What you are asked to do:
Set the records down again in full, exactly as they are, apart from the images.

Collected data entries

┏━━

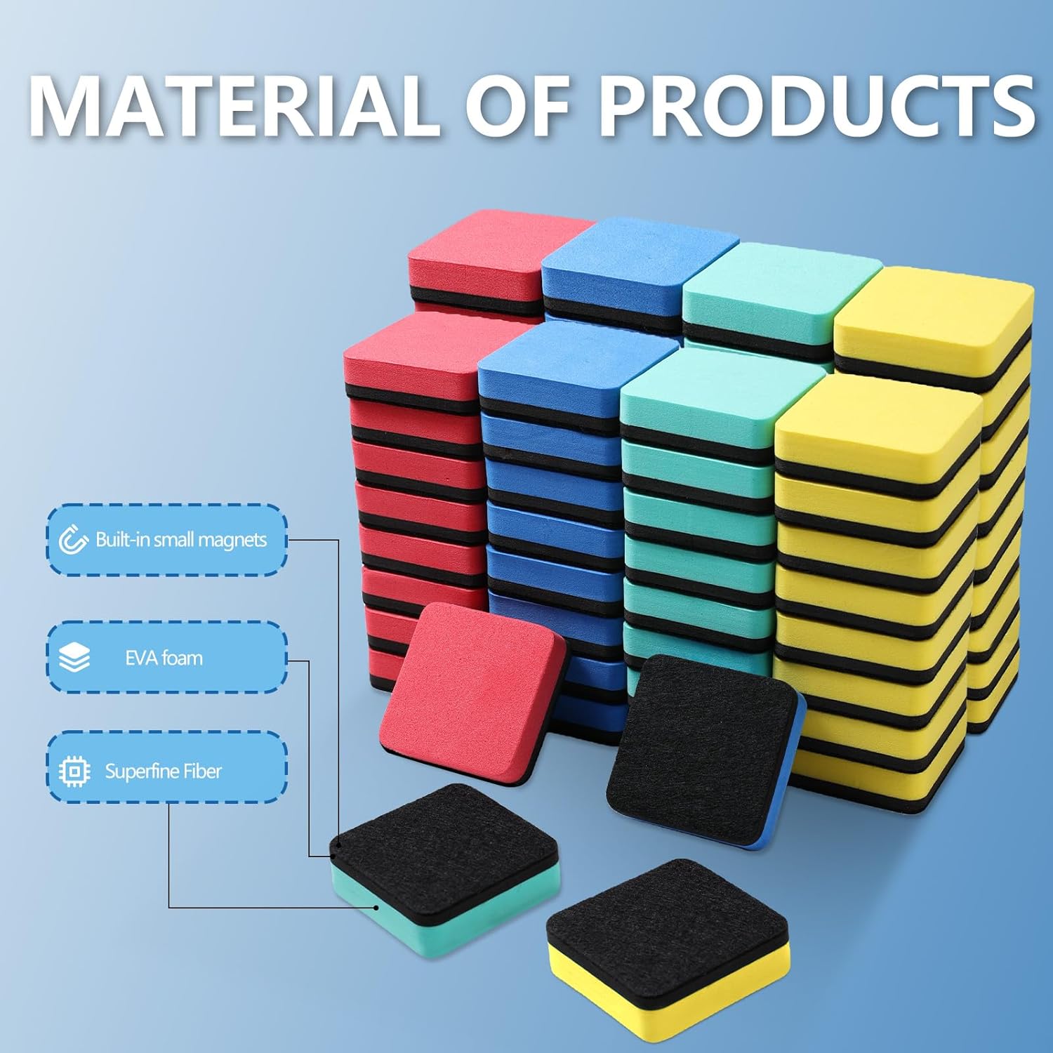 - Compact and Colorful: These magnetic dry erasers are 2 x 2 inches in size, providing comfortable grip and precise control. There are 72 magnetic whiteboard erasers in 4 different colors available for your daily use.
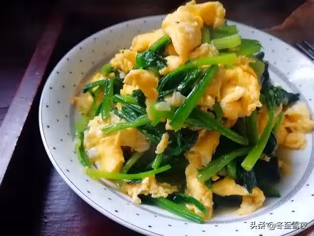 【菠菜炒雞蛋】所需材料:菠菜400克、雞蛋3個、油鹽適量、蔥1段、
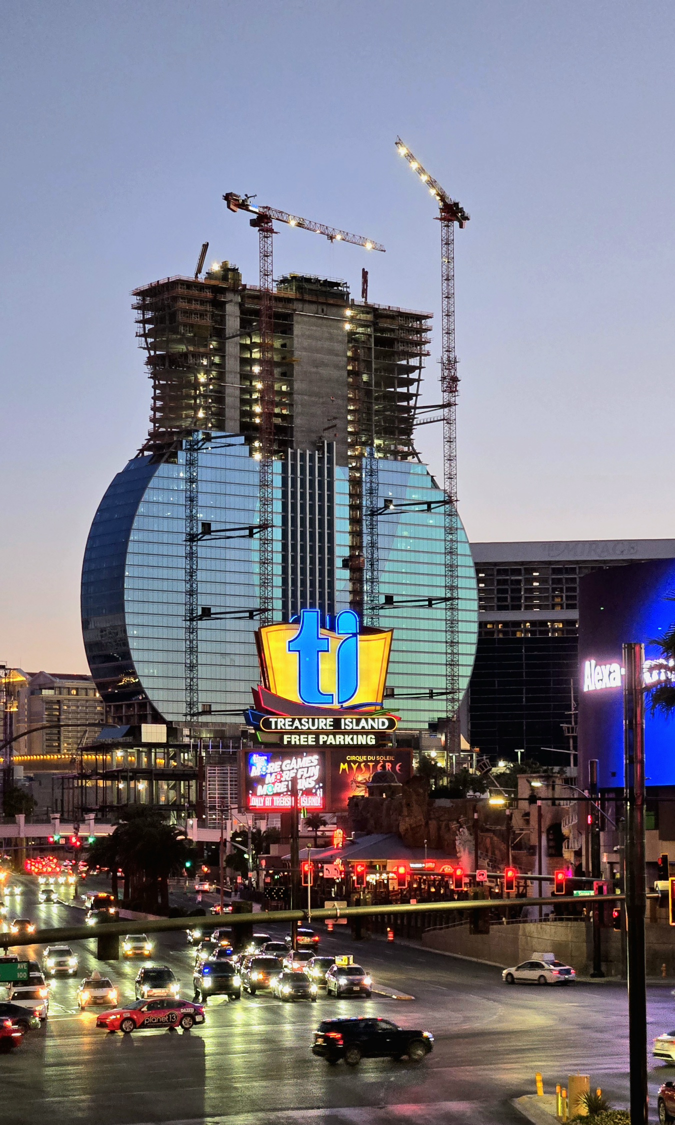 Las Vegas strip의 새로운 명소가 될 Hardrock Casino & Resort에 대한 소식을 전합나다. MGM International이 소유한 Mirage Hotel을 Hardrock Hotel이 매입하여 기존 호텔타워의 전면 Renovation을 진행중이며  Volcano Show 위치에 Hardrock의 상징인 기타모형의 호텔타워를 신축 건설중입니다. 객실 700실을 비롯 식당, 리테일 등을 포함하는 건축물로서 Height 700피트로 2027년에 완성될 계획이며 첨부한 사진은 기타호텔의 현재 건축현장의 진척 상황입니다. 2027년 개장과 함께 라스베가스 스트립의 또 다른 명소로 각광을 받게될것으로 확실시 됩니다. 라스베가스길 남, 북쪽 양방향에서 촬영이 용이할 것으로 보입니다. 위 사진은 Fashion Show와 Wynn Hotel을 연결하는 Over Pass Bridge에서 쵤영하였습니다. 개장일이 벌써 기다랴지며 완공된 구호텔타워와 신규 기타호텔의 내부가 사뭇 기대가 됩니다. 맨 아래 사진은 조감도입니다
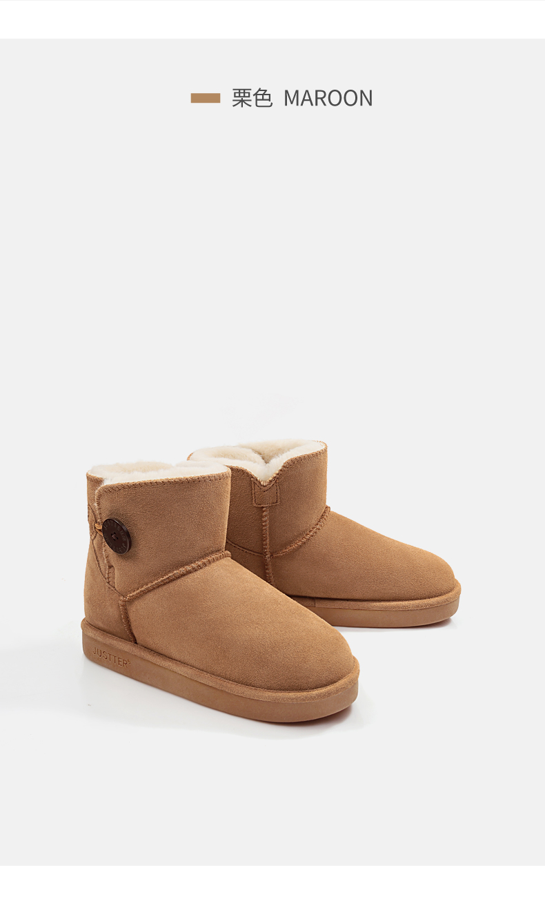 这款JUSTTER女内增高雪地靴,是2021年的新品,经典雪地靴造型,鞋面是用牛反绒皮制成的,同时运用纳米防水技术处理,无惧泼水,雨天也能照穿。内里是1300g加厚加长针织绒毛,柔软保暖。
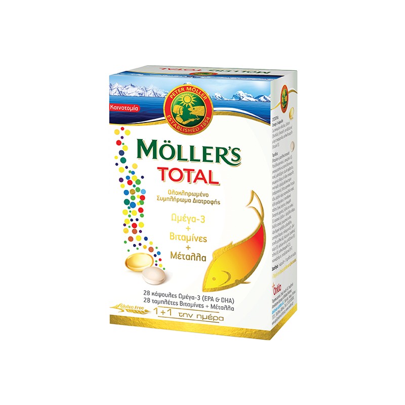 Moller's Total Omega 3 + Vitamins + Minerals is a multivitamin supplements containing vitamins and minerals in combination with omega 3 fatty acids. Suitable for*:

┗━━

Solution for this exercise:
 - Compact and Colorful: These magnetic dry erasers are 2 x 2 inches in size, providing comfortable grip and precise control. There are 72 magnetic whiteboard erasers in 4 different colors available for your daily use.
 【菠菜炒雞蛋】所需材料:菠菜400克、雞蛋3個、油鹽適量、蔥1段、
 Las Vegas strip의 새로운 명소가 될 Hardrock Casino & Resort에 대한 소식을 전합나다. MGM International이 소유한 Mirage Hotel을 Hardrock Hotel이 매입하여 기존 호텔타워의 전면 Renovation을 진행중이며  Volcano Show 위치에 Hardrock의 상징인 기타모형의 호텔타워를 신축 건설중입니다. 객실 700실을 비롯 식당, 리테일 등을 포함하는 건축물로서 Height 700피트로 2027년에 완성될 계획이며 첨부한 사진은 기타호텔의 현재 건축현장의 진척 상황입니다. 2027년 개장과 함께 라스베가스 스트립의 또 다른 명소로 각광을 받게될것으로 확실시 됩니다. 라스베가스길 남, 북쪽 양방향에서 촬영이 용이할 것으로 보입니다. 위 사진은 Fashion Show와 Wynn Hotel을 연결하는 Over Pass Bridge에서 쵤영하였습니다. 개장일이 벌써 기다랴지며 완공된 구호텔타워와 신규 기타호텔의 내부가 사뭇 기대가 됩니다. 맨 아래 사진은 조감도입니다
 这款JUSTTER女内增高雪地靴,是2021年的新品,经典雪地靴造型,鞋面是用牛反绒皮制成的,同时运用纳米防水技术处理,无惧泼水,雨天也能照穿。内里是1300g加厚加长针织绒毛,柔软保暖。
 Moller's Total Omega 3 + Vitamins + Minerals is a multivitamin supplements containing vitamins and minerals in combination with omega 3 fatty acids. Suitable for*:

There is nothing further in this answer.